*Dataset excerpts*
****************

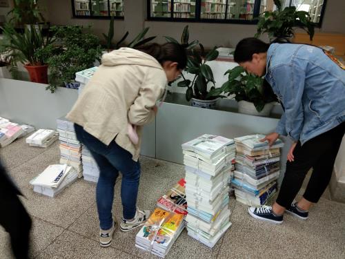 分类和搬运书籍的任务较为劳累,但同学们仍没有丝毫懈怠与抱怨,全部尽心尽力地完成任务。书籍很多,大家仔细辨认、分类,保证不出差错。一摞摞书籍被按分类整整齐齐摆在地上又装好运走,一车又一车的书被分类好推进仓库,随着大家来来回回忙碌的身影,成堆的书籍渐渐被整理完毕。
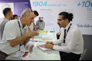 SANKO Holding standını ziyaret eden misafirler, SANKO yetkilileri ile görüşme fırsatı yakalarken, VR gözlüklerle sanal gerçeklik deneyimi de yaşıyor.
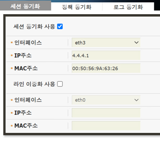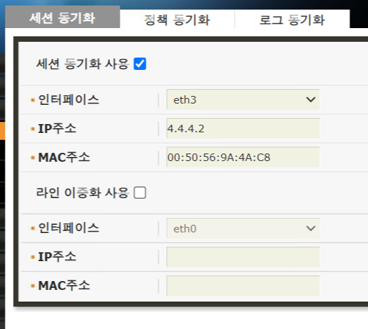 세션 동기화를 위해 XTM2 정보를 확인한다. (eth3을 기준으로 연결을 수행함)
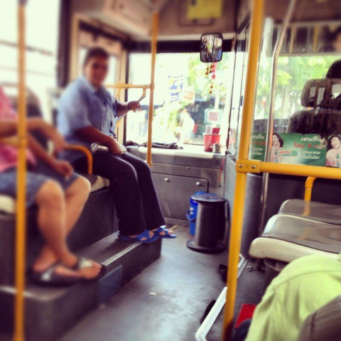 庶民の足であるバスは行き先もタイ語表記のみで観光客にはちょいとハードル高し…
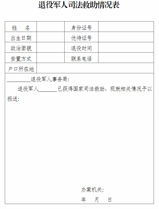? ? ? ? ? 2.退役軍人司法救助情況表
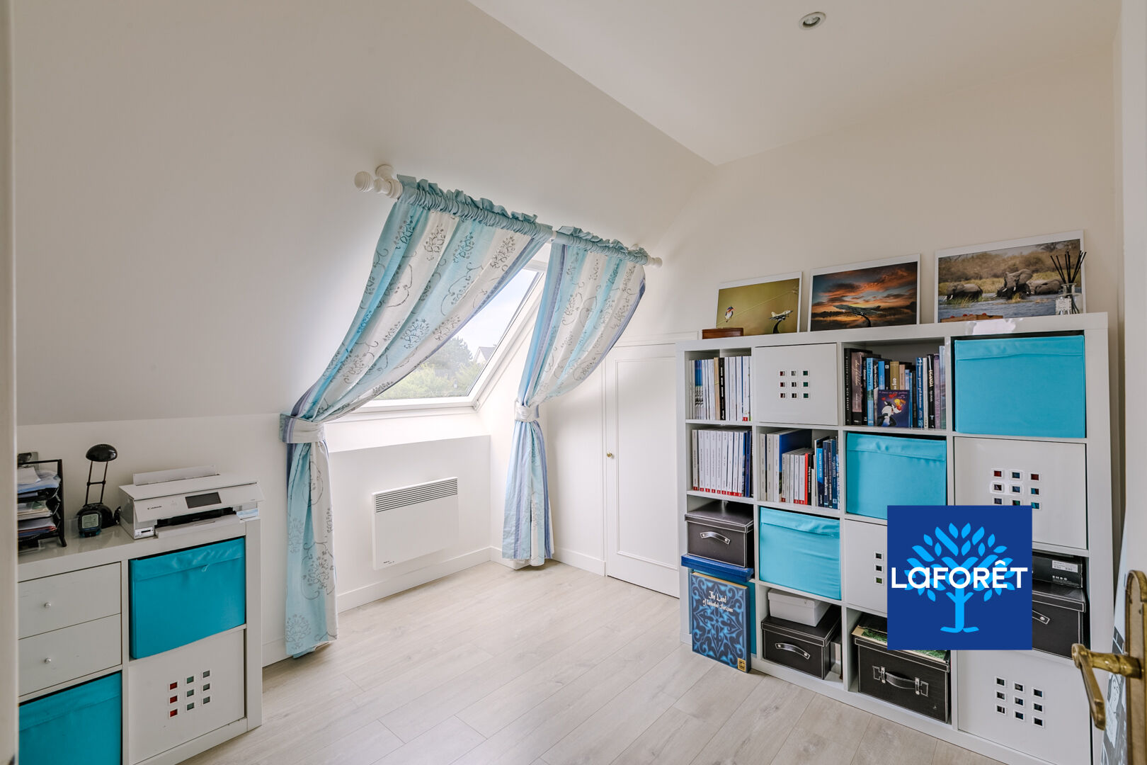 Elle dispose au rez-de-chaussée, d'un espace de vie d'environ 56 m2 avec salon, salle à manger et cuisine équipée, d'une suite parentale, un garage double avec porte automatisée, une buanderie, placards, wc et abri de jardin.
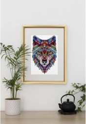 Összeállítás után egy színes, gazdag mintázatú farkasfejet kap, amely otthona berendezésének feltűnő eleme lesz.
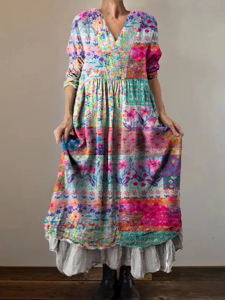 Women's Vintage Floral Patchwork Art Print V-Neck Button Pocket Cotton Dress
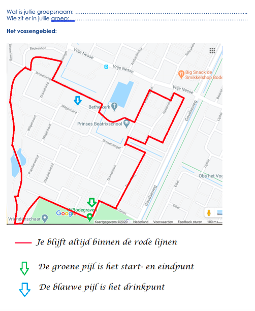 Er moesten wel 11 vossen gevonden worden in een deel van het dorp Bodegraven. Dat ging niet zo gemakkelijk, sommige vossen waren sluw en doken op tijd weg en waren niet meer te vinden. Bij één vos kregen ze drinken en lekkers. Als de vos “gevangen” was moest die een letter afgeven. Aan het eind kon elke groep een zin maken en bij inleveren kregen ze allemaal wat lekkers mee naar huis. Iedereen een fijne zomervakantie!

****************

*What is needed*
Exactly the lines from the one holding "Összeállítás után egy" through the last line of the entries, both included, are to be duplicated; leave the pictures out.

*Result of the task*
 Összeállítás után egy színes, gazdag mintázatú farkasfejet kap, amely otthona berendezésének feltűnő eleme lesz.
 Women's Vintage Floral Patchwork Art Print V-Neck Button Pocket Cotton Dress
 Er moesten wel 11 vossen gevonden worden in een deel van het dorp Bodegraven. Dat ging niet zo gemakkelijk, sommige vossen waren sluw en doken op tijd weg en waren niet meer te vinden. Bij één vos kregen ze drinken en lekkers. Als de vos “gevangen” was moest die een letter afgeven. Aan het eind kon elke groep een zin maken en bij inleveren kregen ze allemaal wat lekkers mee naar huis. Iedereen een fijne zomervakantie!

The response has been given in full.